I have alternately blamed and idolized my mom throughout my life, depending on where I was at the time. Neither image is truthful or fair to her. She was just a broken woman like me, doing the best she could and loving me the only way she knew how. Yes, I bear scars from when she missed the mark, but I am also the heiress of a vast fortune of blessings only my mom could bestow; a passionate love for people, an intimate and unique relationship with God and a deep conviction that God really does talk to me and that prayer really does change the world, among many others. I cannot blame her for who I have become; I can only understand how her own struggles impacted me as a child and choose to become someone no longer controlled by the past.
For all my blaming and idolizing and struggling with the scars left by her brokenness, I am who I am today in large part because of my mother. Because I both aspire to be like her and at the same time fight like hell to be anything but; because, for better or worse, the sins and the blessings of a mother are visited upon her daughters, to the fourth and fifth generations; because she was so determined to be different than her own mom and to right the wrongs she saw in her own childhood, and because God saw fit to bless me with this amazing woman as my mom and this woman with me as her "baby" daughter, I am, in all respects that matter most to God, my mother’s daughter.
And I miss her. Sometimes, like today, desperately.

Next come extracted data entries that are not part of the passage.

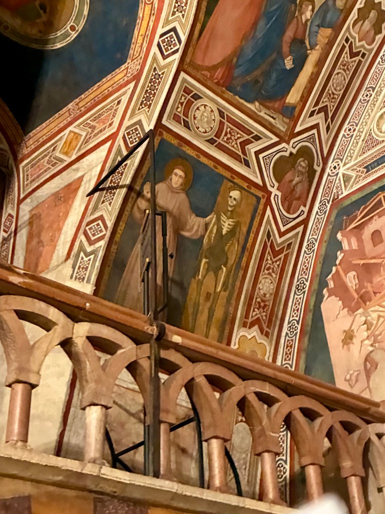 Not too far from the fresco of the Raising of Lazarus is an image of St. Francis with his right hand revealing his stigmata and his left hand on the shoulder of a skeleton, who represents Death. We were told we couldn’t take any pictures and when I asked why, the friar told me it was simply because it would just take up too much time. So, I very quickly snapped a photo of this fresco of St. Francis and Death, which felt especially apt after visiting his own skeletal remains on my birthday during this season of Lent, when we are reminded of our mortality, when we are reminded that we are all but dust and to dust we shall return. Today’s readings about bones and death and resurrection echo this reminder.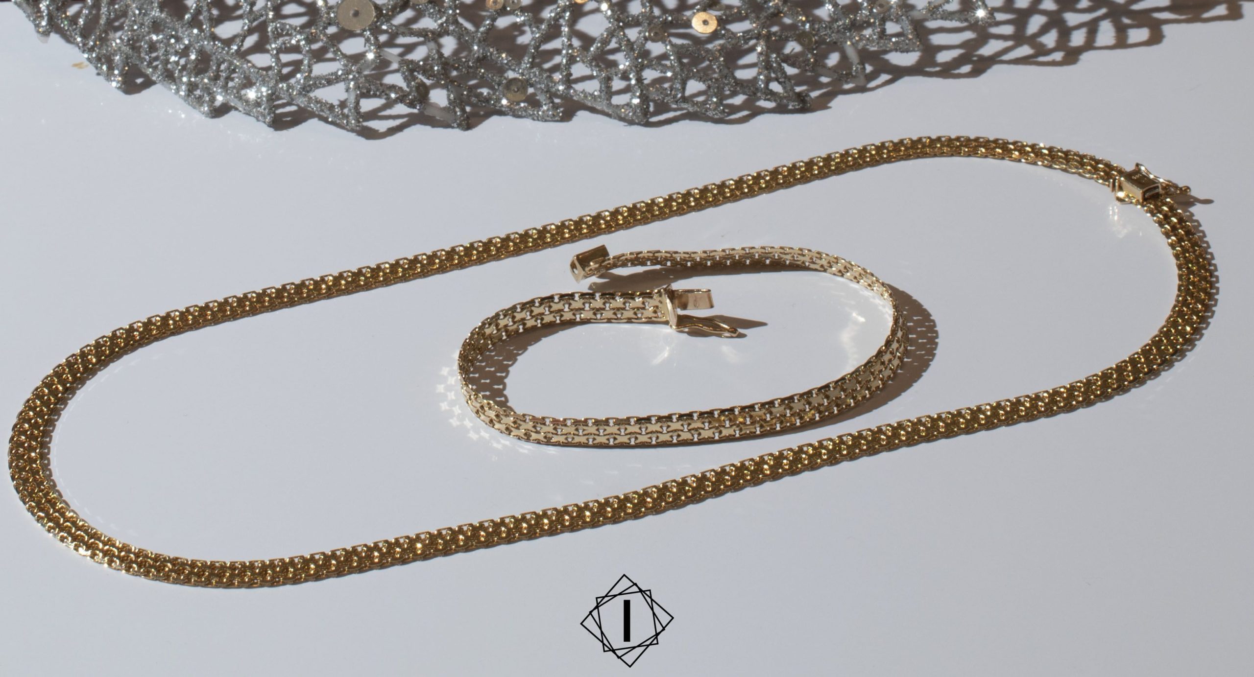 Komplet koji činimasivna zlatna narukvica i ogrlica. Jedinstveni dizajn.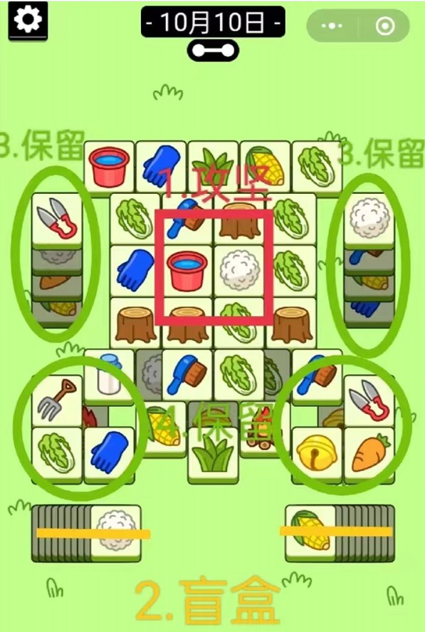 重点消攻坚区(红),其次消盲盒(黄)。上面的保留区可以适量用一点,下面的(绿)尽量不用。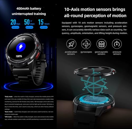 - ساعة لياقة بدنية متطورة مقاومة للماء حتى عمق 5ATM، مع 150 وضع رياضي مع خوارزمية حركة سيك بيتس. أجهزة الاستشعار 10 محاور بتقنية كشف الحركة، بما في ذلك التعرف على أسلوب السباحة ومعدل نبضات القلب تحت الماء وتتبع SWOLF.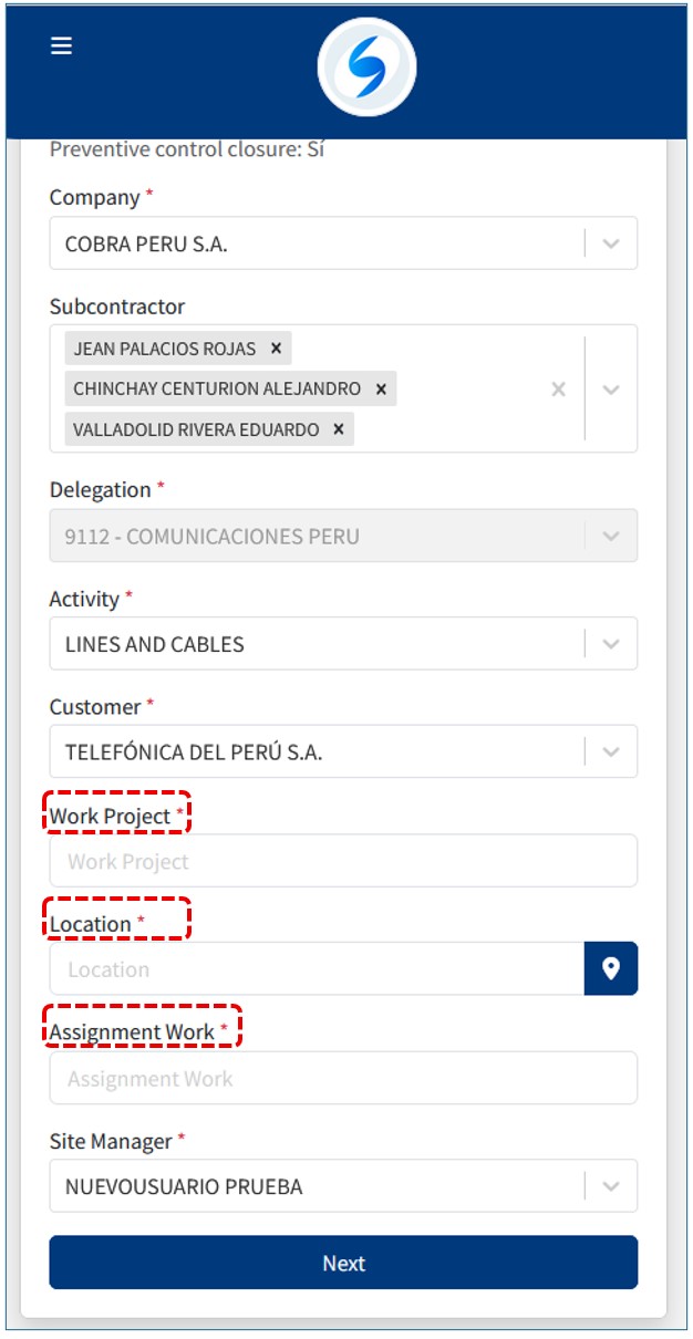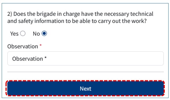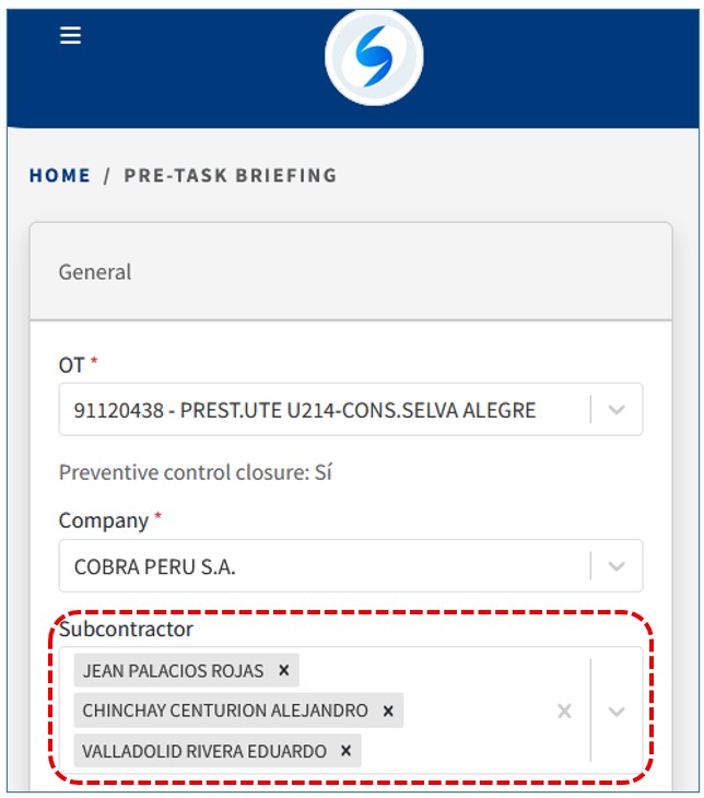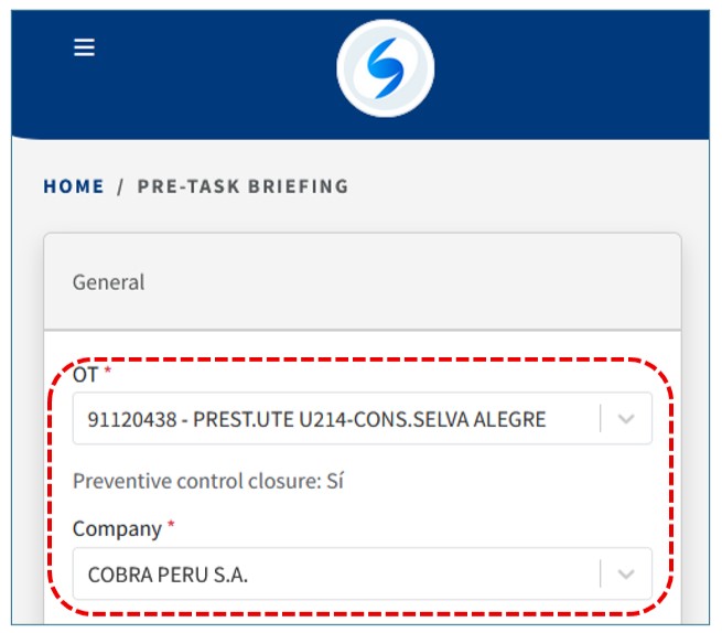 When entering the Pre-Task Talk option, remember that the system requires certain mandatory information, while others are optional. The mandatory fields are marked with a red asterisk symbol.

I miss her smile. I miss how she would sing certain instructions because she thought perhaps they’d be more palatable that way (they never were, but she always was). I miss her cold hand and creative use of them on my bare legs or tummy to get me out of bed in the mornings. I miss her Kleenexes stuck in her bra because "you never know when you might need one and these pants don’t have pockets." I miss her calling me "Pau-Vic-Nee-Mary Lu!" (the complete, if abbreviated, list of her children). I deeply miss her laughter. She could light up a room just by walking in but she lit up the whole world every time she laughed. It was the most beautiful sound in the universe to me. I remember laying in bed at night and hearing her and dad’s muffled voices through the walls as they talked on and on –their conversations were always peppered with mom’s laughter and that was the thing that helped me let the stress of the day go more than anything else.
But what I am missing most right now is my mom’s huge heart and wide open arms. Whenever anything was bothering, frightening or hurting me I could always run to her and she would hold me, letting me cry until all my tears were spent as she caressed my head and rubbed my back. Eventually I would find the energy to get up and step back into life, but until then, mom held me together.
Without my mom, my life seems diminished. I have to be a grown up now; I have to be the "strong" one, strong for myself and strong for others, even though I don’t feel strong at all. I know my mom herself would be crying and hurting right now were she here, but it doesn’t stop me from missing her and wishing with all my might that I could run back into her arms and cry till all my tears are spent. I wonder if she felt the same way at times.